PROBLEM TO WORK ON:
Write out exactly the lines below starting at the one containing "1、打開天氣類APP,點擊右上角+號按鈕,進入城市添加頁面。" and ending at the one containing "Serene Minimalist Dining". Omit every picture.

Extracted data entries:
>>>>

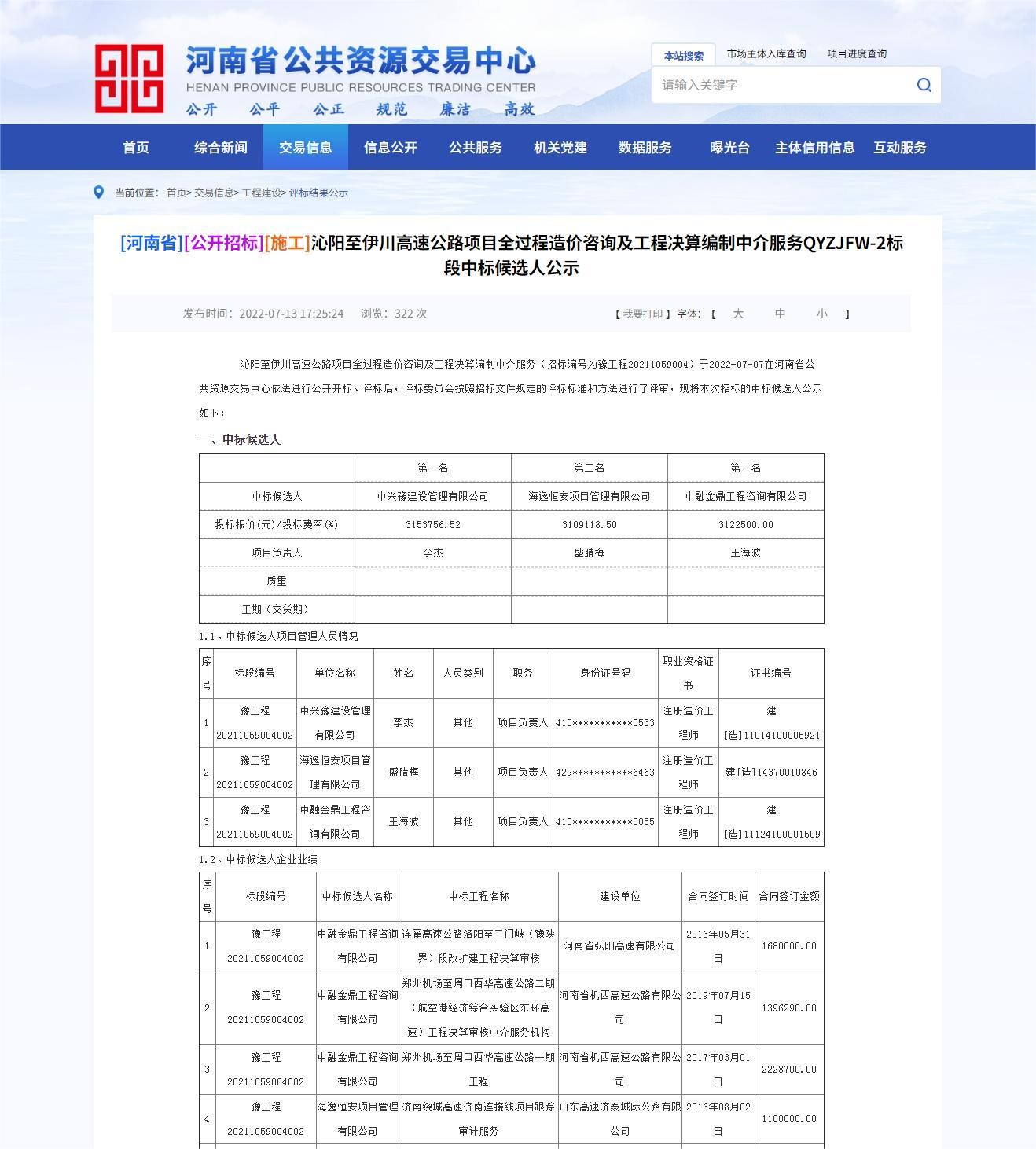 近日,中興豫建設管理有限有限公司在“沁陽(yáng)至伊川高速公路項目全過(guò)程造價(jià)咨詢(xún)及工程決算編制中介服務(wù)QYZJFW-2標段”招投標活動(dòng)中成功中標。
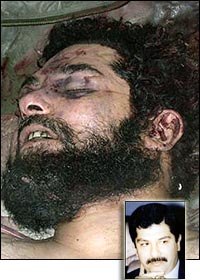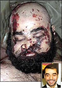 而烏代的遺容可謂慘不忍睹:眼臉因?yàn)橛傺@得浮腫并呈絳紫色,一條深褐色的傷口從其左眼一直貫穿到嘴巴右下角,光禿禿的腦門(mén)上傷痕累累,可能是被導(dǎo)彈的碎片劃傷的。最為顯然的是其前額右上方一個(gè)汩汩地向外噴涌著鮮血的彈孔,他究竟是被美軍開(kāi)槍打中的,還是自殺身亡依然是個(gè)謎。
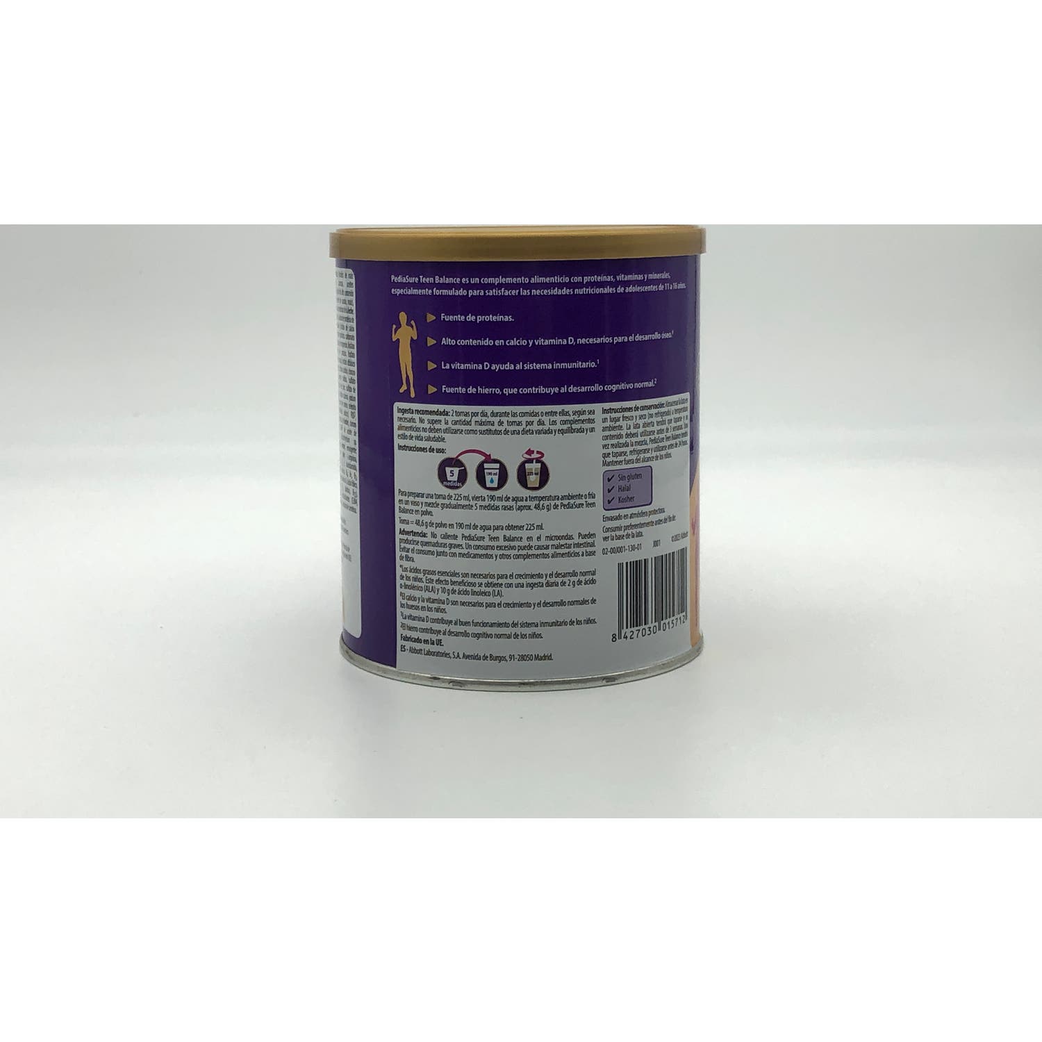 Instrucciones de uso: Para preparar una toma de 225 ml, vierta 190 ml de agua a temperatura ambiente o fría en un vaso y mezcle gradualmente 5 medidas rasas (aprox. 49,1 g) de PediaSure Teen Balance en polvo. Toma = 49,1 g de polvo en 190 ml de agua para obtener 225 ml. Se puede calentar pero no por encima de los 35ºC para mantener las propiedades nutricionales.
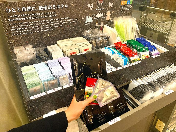 チェックインを済ませたら、フロントそばに備えられたアメニティコーナーから、必要なアメニティを選びます。歯ブラシやヘアブラシなど基本的なアメニティのほか、小分けのスキンケアアイテム、フェイスパックなども揃っています。香りの異なる3種類の入浴剤も嬉しいラインナップ。バスタイムが楽しみになりますね。
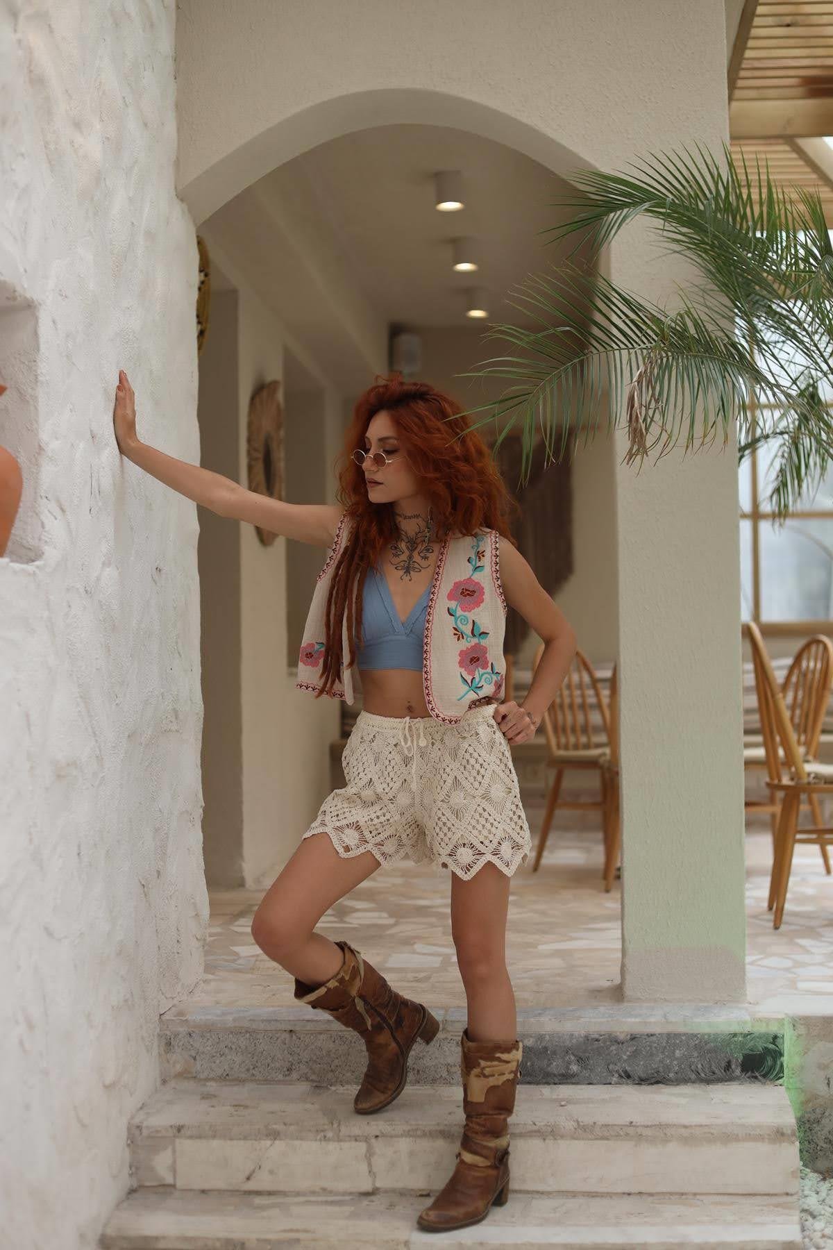 Cream Color Lace Short (KSRT-AS-002-PA-KR-STD)
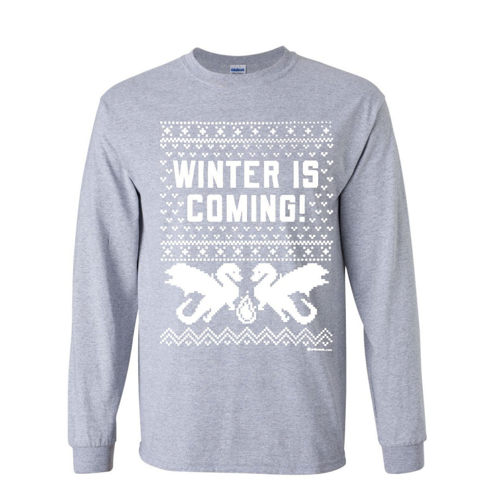 WINTER IS COMING PARODY long sleeve t-shirt ugly sweatshirt xmas gray
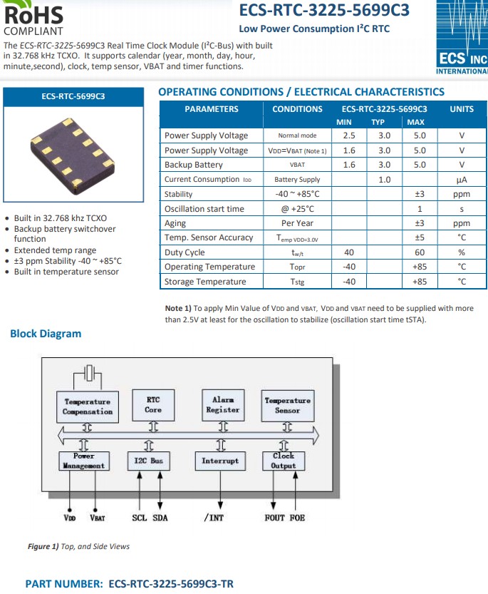 ECS-RTC-3225-5699C3是一款I(lǐng)2C總線接口實時時鐘 (RTC),具有低功耗的嵌入式32.768kHz晶振,TCXO溫補晶振。精密的溫度傳感器和溫度補償電路確保時鐘精度。RTC支持日歷、時鐘、VBAT和定時器功能。ECS-RTC-3225-5699C3采用 3.2mmx2.5mmx1.0mm封裝尺寸,10腳貼片晶振,適用于對穩(wěn)定性至關(guān)重要的便攜式、電池供電和小型電子設(shè)備。
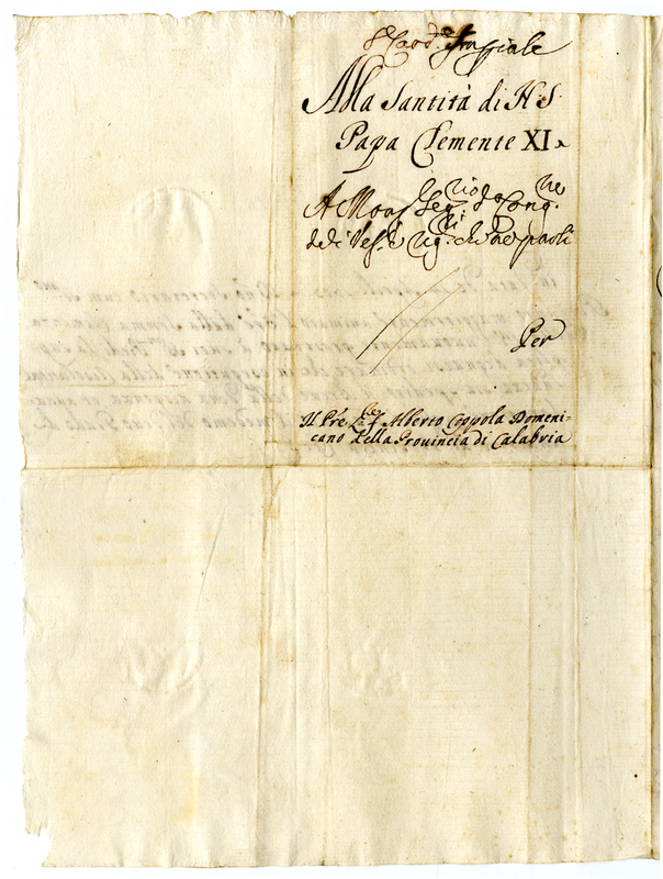 Lettera di Alberto Coppola Domenicano della provincia di Calabria convento della Minerva a Papa Clemente XI (1700-1721)
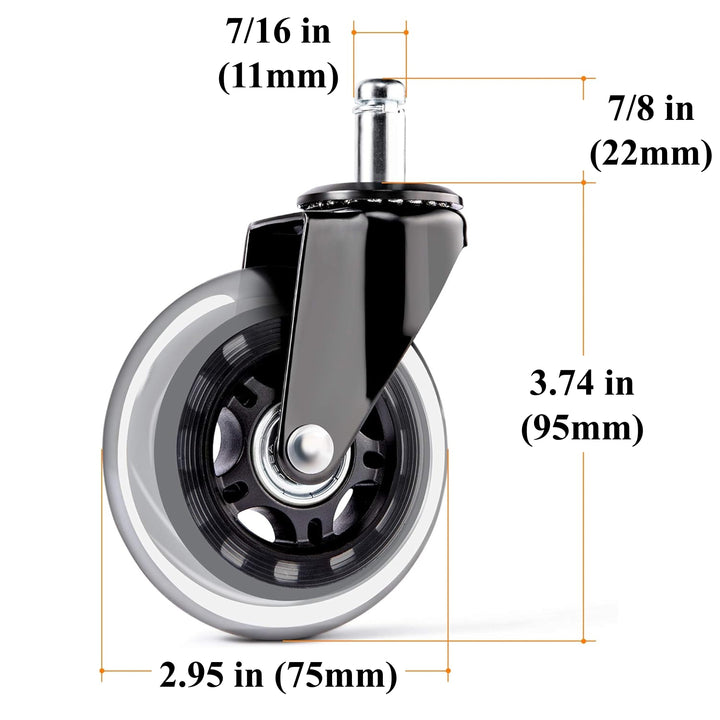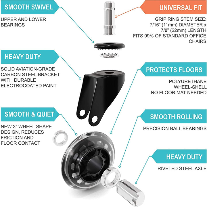 Rubber Office Chair Casters Set of 5 - Universal Fit - TJRTU9R
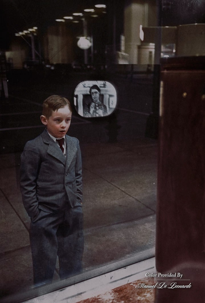 58) A young boy seeing a television for the first time.
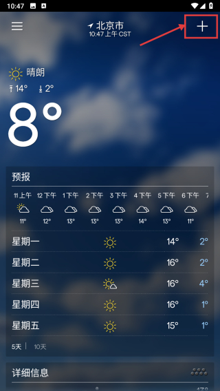 1、打開天氣類APP,點擊右上角+號按鈕,進入城市添加頁面。
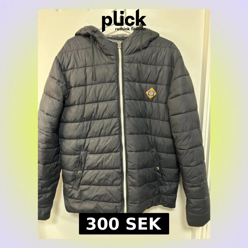 Svart pufferjacka med huva från Only & Sons. Jackan har quiltad design, dragkedja framtill och två fickor med knappstängning. Perfekt för kyliga dagar och har en stilren look med diskret logga på bröstet.
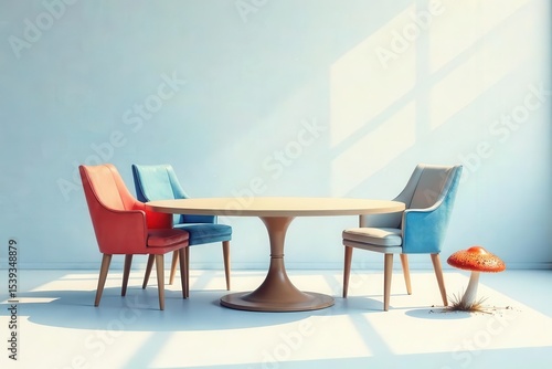Serene Minimalist Dining Room Setting with Pastel Chairs and a Single Mushroom
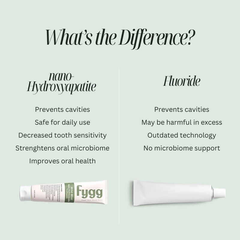 - Ideal for Sensitive Teeth | Nano-Hydroxyapatite (n-HA) Formula: Elevate your oral care with Fygg's 4-oz mild mint toothpaste. Engineered with nano-hydroxyapatite and micro-polish technology, this fluoride-free toothpaste not only strengthens and brightens but also effectively reduces sensitivity. Infused with L-arginine, xylitol, and our exclusive blend of proprietary ingredients
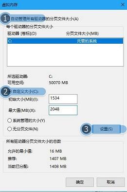 3. 取消勾选【自动管理所有驱动器的分页文件大小】→点击【自定义大小(C)】→【设置】:
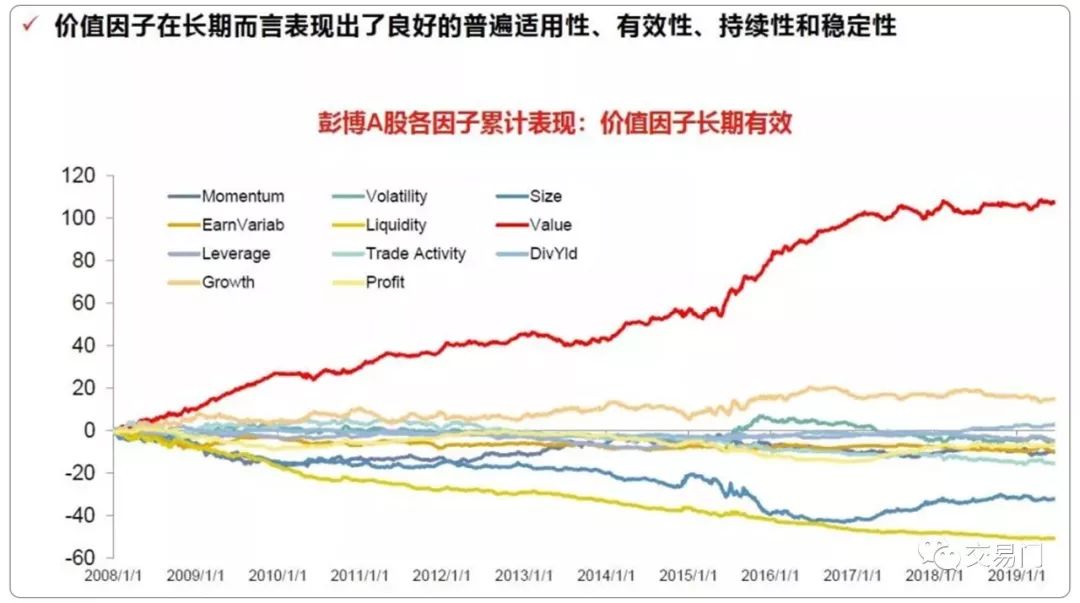 下面这张图显示了从2008年到2019年6月18日,A股各因子的累计表现。红色线表示的是价值因子(Value),显示了很强的收益率,这个收益率主要来自做多低估值股票,做空高估值股票。我们看到价值因子的收益率非常稳定,从2008年至今获得了100%的收益,而且回撤很小。从相对收益的角度看,这个收益率曲线体现了低估值股票在过去10年远远跑赢高估值股票,有很强的相对收益。

<<<<

YOUR SOLUTION:
 1、打開天氣類APP,點擊右上角+號按鈕,進入城市添加頁面。
 Svart pufferjacka med huva från Only & Sons. Jackan har quiltad design, dragkedja framtill och två fickor med knappstängning. Perfekt för kyliga dagar och har en stilren look med diskret logga på bröstet.
Serene Minimalist Dining Room Setting with Pastel Chairs and a Single Mushroom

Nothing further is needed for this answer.